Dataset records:
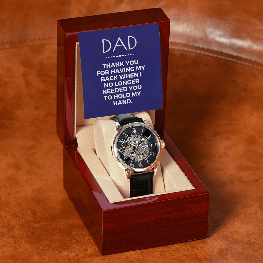 Surprise your dad with a classic design mens watch - a perfect gift for your dad! Our watch has a genuine leather strap and is splash-resistant and automatic making it durable yet stylish. This beautiful watch’s band length is approximately 7.9 inches and can be adjusted to 6.6" - 8.5". This beautiful watch is also one of the best unique birthday gift ideas because it comes in a luxury wooden watch box that features a LED light with a sweet, heartfelt message that will surely make your dad feel loved and appreciated!
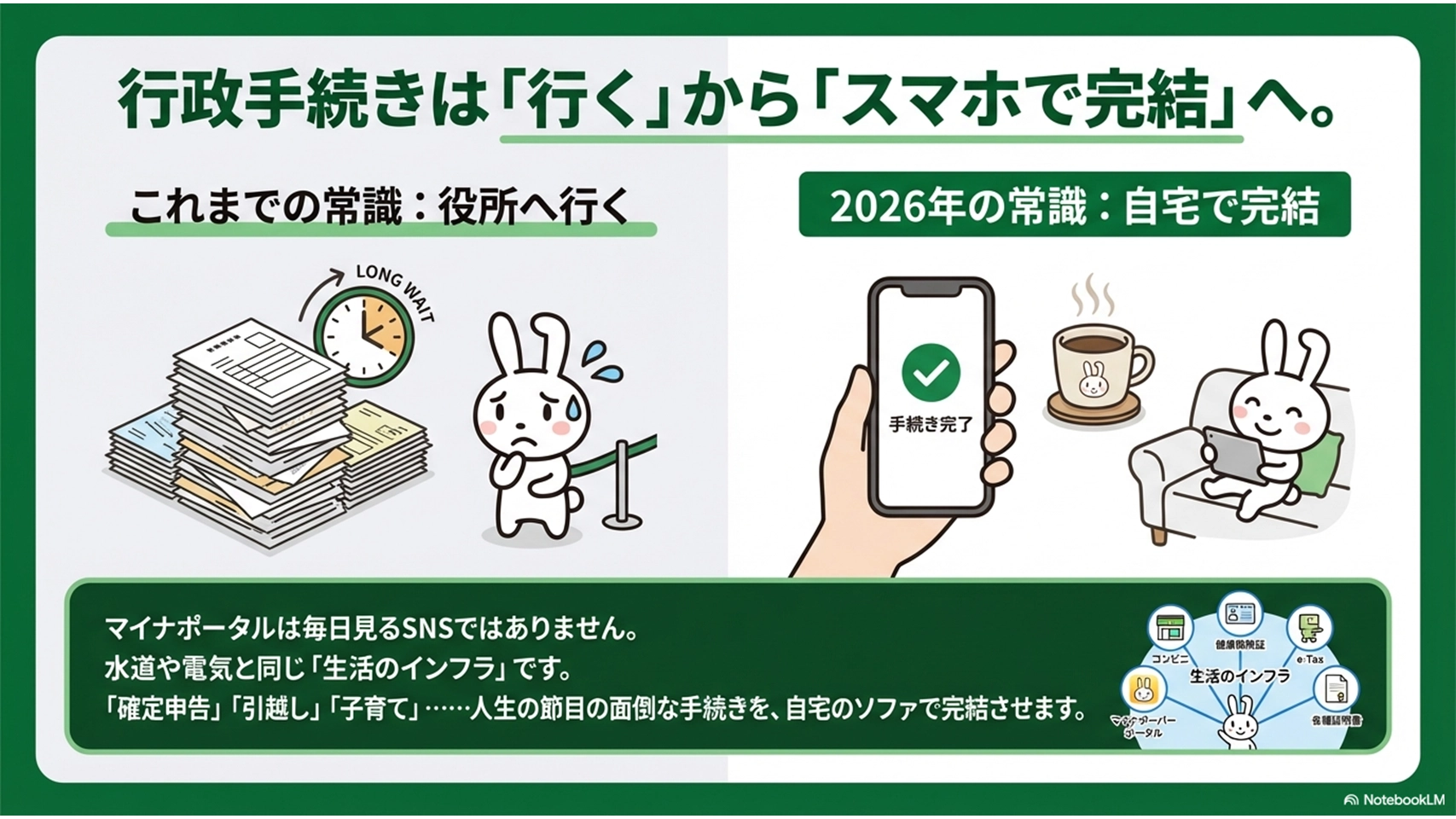 マイナポータルの最大のメリットは、時間と場所を選ばずに手続きができることです。これまでは平日の日中に仕事を休んで役所へ行っていた手続きが、24時間365日、自宅のソファからオンラインで申請可能になりました。
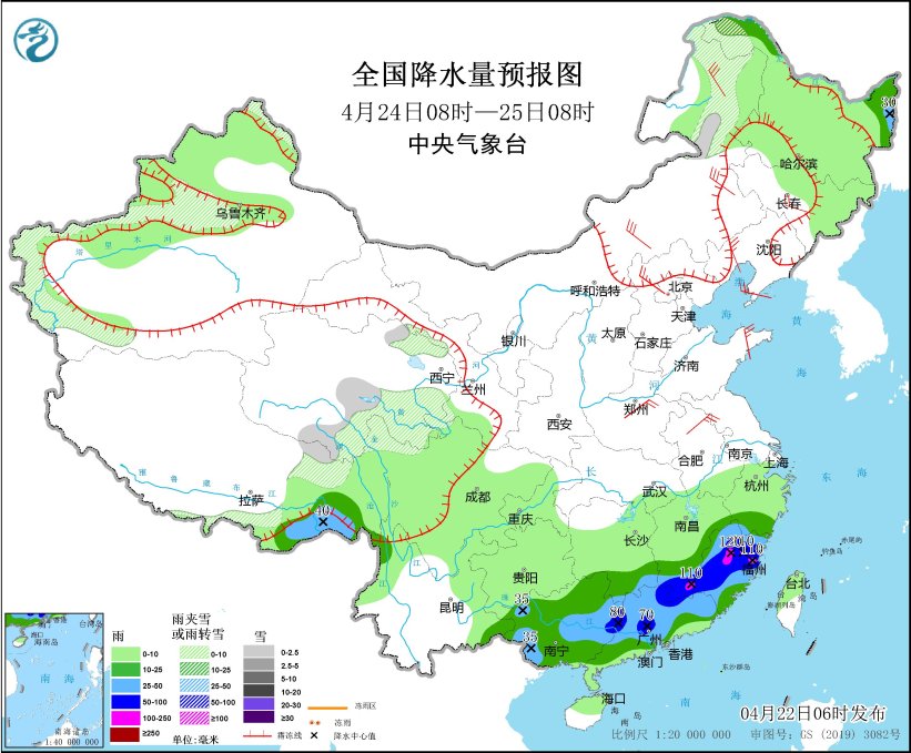 4月24日08时至25日08时,新疆沿天山地区和南疆西部山区、青海中东部、内蒙古东北部、西藏东北部、川西高原北部等地部分地区有小雪或雨夹雪。江南南部、华南大部以及黑龙江东北部、西藏东南部等地部分地区有中到大雨,其中,江西南部、福建西部和北部、广西东部、广东中北部等地部分地区有暴雨到大暴雨(100~120毫米)。内蒙古东部、东北地区大部、河北北部、黄淮大部、苏皖北部等地部分地区有4~6级风。
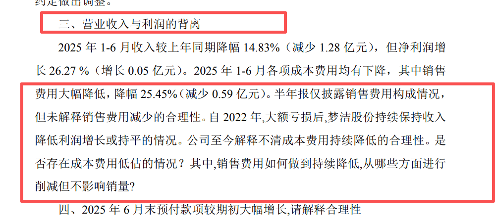 陈洁指出,营业收入与利润的背离。“2025年1-6月收入较上年同期降幅14.83%(减少1.28亿元),但净利润增长26.27%(增长0.05亿元)。2025年1-6月各项成本费用均有下降,其中销售费用大幅降低,降幅25.45%(减少0.59亿元)。半年报仅披露销售费用构成情况,但未解释销售费用减少的合理性。自2022年,大额亏损后,梦洁股份持续保持收入降低利润增长或持平的情况。公司至今解释不清成本费用持续降低的合理性。是否存在成本费用低估的情况?其中,销售费用如何做到持续降低,从哪些方面进行削减但不影响销量?”
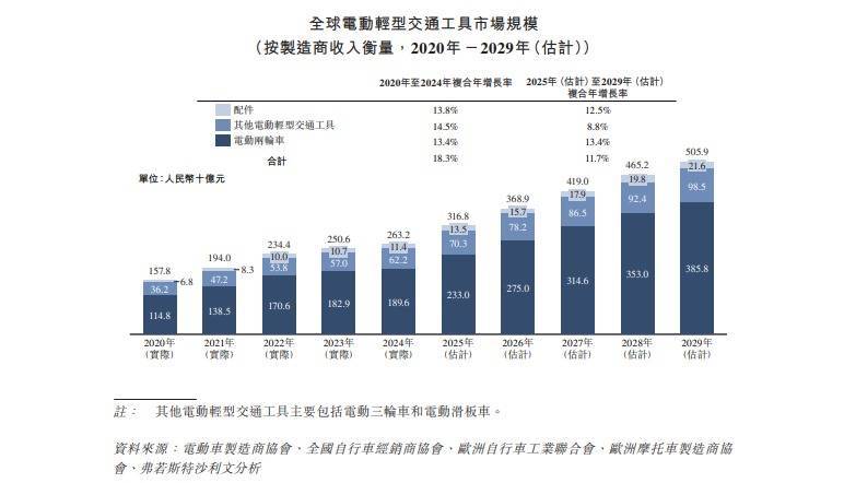 受益于全球“碳中和”倡议推进、各国环保政策支持及消费端绿色出行需求升级,电动轻型交通工具行业迎来快速发展期。根据弗若斯特沙利文数据,2024年全球电动轻型交通工具市场规模达2632亿元,2020-2024年复合年增长率18.3%,预计2029年将增至5059亿元,2025-2029年复合年增长率约11.7%。
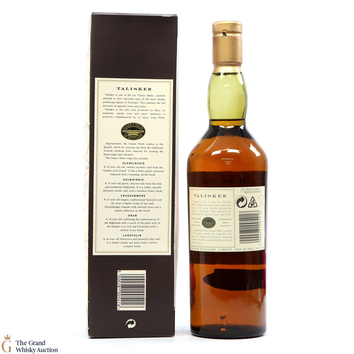 An older release of 10 Year Old from Talisker distillery on the Isle of Skye. Aged for a minimum of 10 years in American oak casks. The bottle label and the box feature a map of Skye.
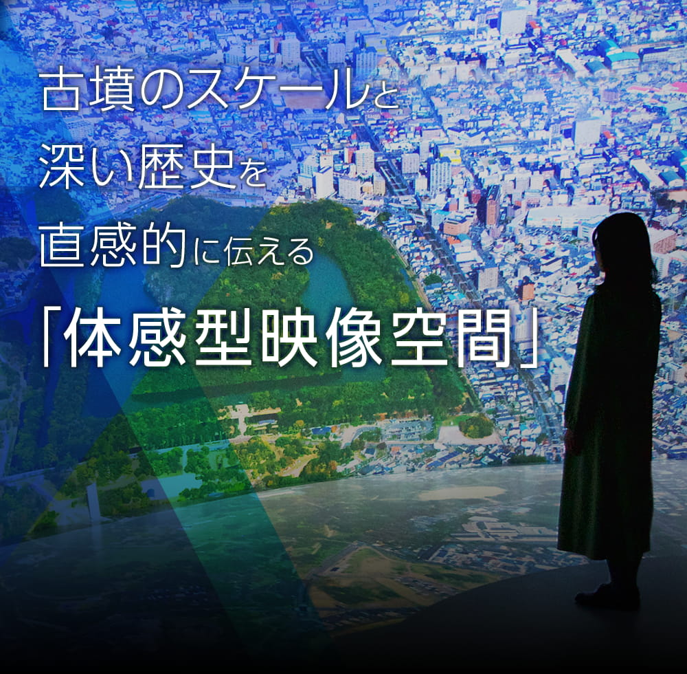 大阪府堺市は「百舌鳥古墳群ビジターセンター」内に体感型映像空間を構築。あらゆる人が直感的に地域の魅力を感じられる仕組みを創り出しました。
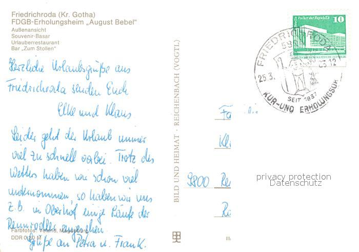 72987596 alte Postkarte Friedrichsroda FDGB Erholungsheim August Bebel postalisch gelaufen Erhaltung siehe scans [LiesaD40] KatCode: 11110016067029
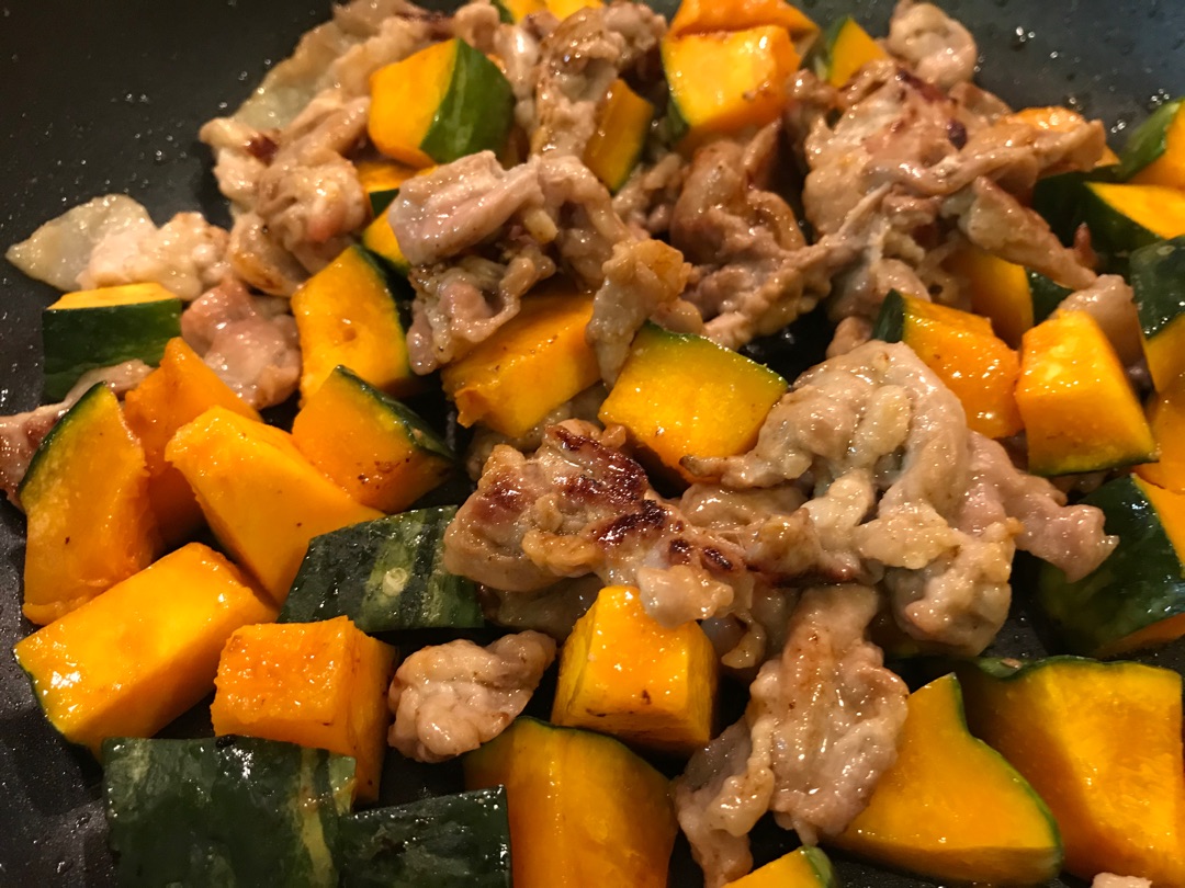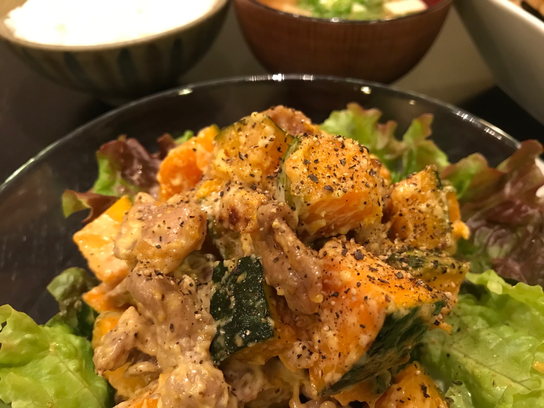 いつものマッシュにするかぼちゃサラダとは違い、コロコロのかぼちゃと豚肉のサラダなんですが、
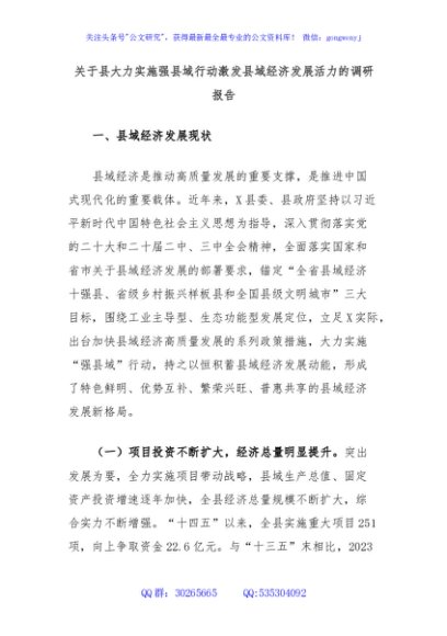/ 关于县大力实施强县域行动激发县域经济发展活力的调研报告
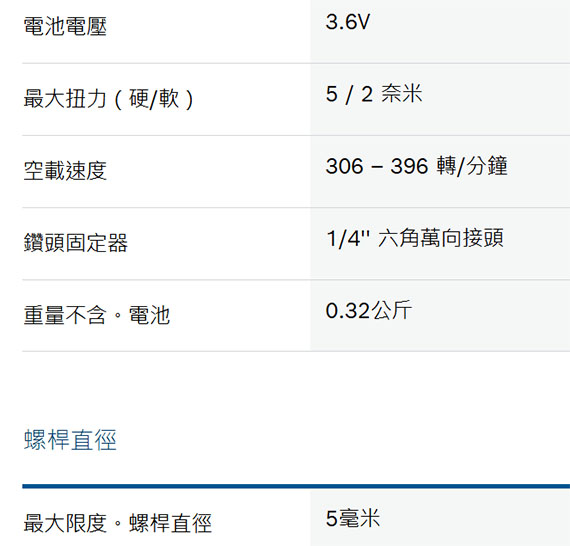 最大扭力(硬/軟):5/2Nm、空載速率306-396rpm、通用起子頭固定、七段扭力設定座、環狀LED燈、新一代機械離合器、3.6V電池電壓、內建2.0Ah鋰電池、優化的按壓按鈕、USB-C充電接口、內含配件:充電線(1607000EW0)、8件式螺絲起子頭組(2607002834)、延伸工具頭固定座(1600A013UM)、收納盒(1600A02E8P)
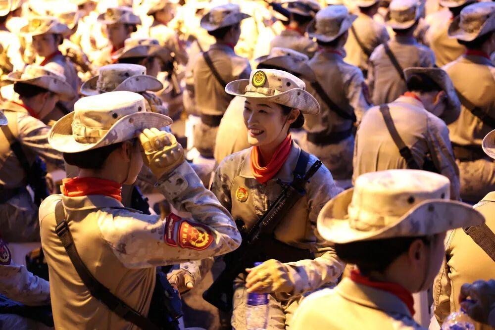 7月3日,在贵州省榕江县,完成任务的抗洪抢险救援队伍撤离时,救援队员、退伍军人陈通刚与路边送行的少先队员相互行礼。

# Task objective
Skip the pictures and reproduce all remaining entries exactly.

# Task result
 Surprise your dad with a classic design mens watch - a perfect gift for your dad! Our watch has a genuine leather strap and is splash-resistant and automatic making it durable yet stylish. This beautiful watch’s band length is approximately 7.9 inches and can be adjusted to 6.6" - 8.5". This beautiful watch is also one of the best unique birthday gift ideas because it comes in a luxury wooden watch box that features a LED light with a sweet, heartfelt message that will surely make your dad feel loved and appreciated!
 マイナポータルの最大のメリットは、時間と場所を選ばずに手続きができることです。これまでは平日の日中に仕事を休んで役所へ行っていた手続きが、24時間365日、自宅のソファからオンラインで申請可能になりました。
 4月24日08时至25日08时,新疆沿天山地区和南疆西部山区、青海中东部、内蒙古东北部、西藏东北部、川西高原北部等地部分地区有小雪或雨夹雪。江南南部、华南大部以及黑龙江东北部、西藏东南部等地部分地区有中到大雨,其中,江西南部、福建西部和北部、广西东部、广东中北部等地部分地区有暴雨到大暴雨(100~120毫米)。内蒙古东部、东北地区大部、河北北部、黄淮大部、苏皖北部等地部分地区有4~6级风。
 陈洁指出,营业收入与利润的背离。“2025年1-6月收入较上年同期降幅14.83%(减少1.28亿元),但净利润增长26.27%(增长0.05亿元)。2025年1-6月各项成本费用均有下降,其中销售费用大幅降低,降幅25.45%(减少0.59亿元)。半年报仅披露销售费用构成情况,但未解释销售费用减少的合理性。自2022年,大额亏损后,梦洁股份持续保持收入降低利润增长或持平的情况。公司至今解释不清成本费用持续降低的合理性。是否存在成本费用低估的情况?其中,销售费用如何做到持续降低,从哪些方面进行削减但不影响销量?”
 受益于全球“碳中和”倡议推进、各国环保政策支持及消费端绿色出行需求升级,电动轻型交通工具行业迎来快速发展期。根据弗若斯特沙利文数据,2024年全球电动轻型交通工具市场规模达2632亿元,2020-2024年复合年增长率18.3%,预计2029年将增至5059亿元,2025-2029年复合年增长率约11.7%。
 An older release of 10 Year Old from Talisker distillery on the Isle of Skye. Aged for a minimum of 10 years in American oak casks. The bottle label and the box feature a map of Skye.
 大阪府堺市は「百舌鳥古墳群ビジターセンター」内に体感型映像空間を構築。あらゆる人が直感的に地域の魅力を感じられる仕組みを創り出しました。
 72987596 alte Postkarte Friedrichsroda FDGB Erholungsheim August Bebel postalisch gelaufen Erhaltung siehe scans [LiesaD40] KatCode: 11110016067029
 いつものマッシュにするかぼちゃサラダとは違い、コロコロのかぼちゃと豚肉のサラダなんですが、
/ 关于县大力实施强县域行动激发县域经济发展活力的调研报告
 最大扭力(硬/軟):5/2Nm、空載速率306-396rpm、通用起子頭固定、七段扭力設定座、環狀LED燈、新一代機械離合器、3.6V電池電壓、內建2.0Ah鋰電池、優化的按壓按鈕、USB-C充電接口、內含配件:充電線(1607000EW0)、8件式螺絲起子頭組(2607002834)、延伸工具頭固定座(1600A013UM)、收納盒(1600A02E8P)
 7月3日,在贵州省榕江县,完成任务的抗洪抢险救援队伍撤离时,救援队员、退伍军人陈通刚与路边送行的少先队员相互行礼。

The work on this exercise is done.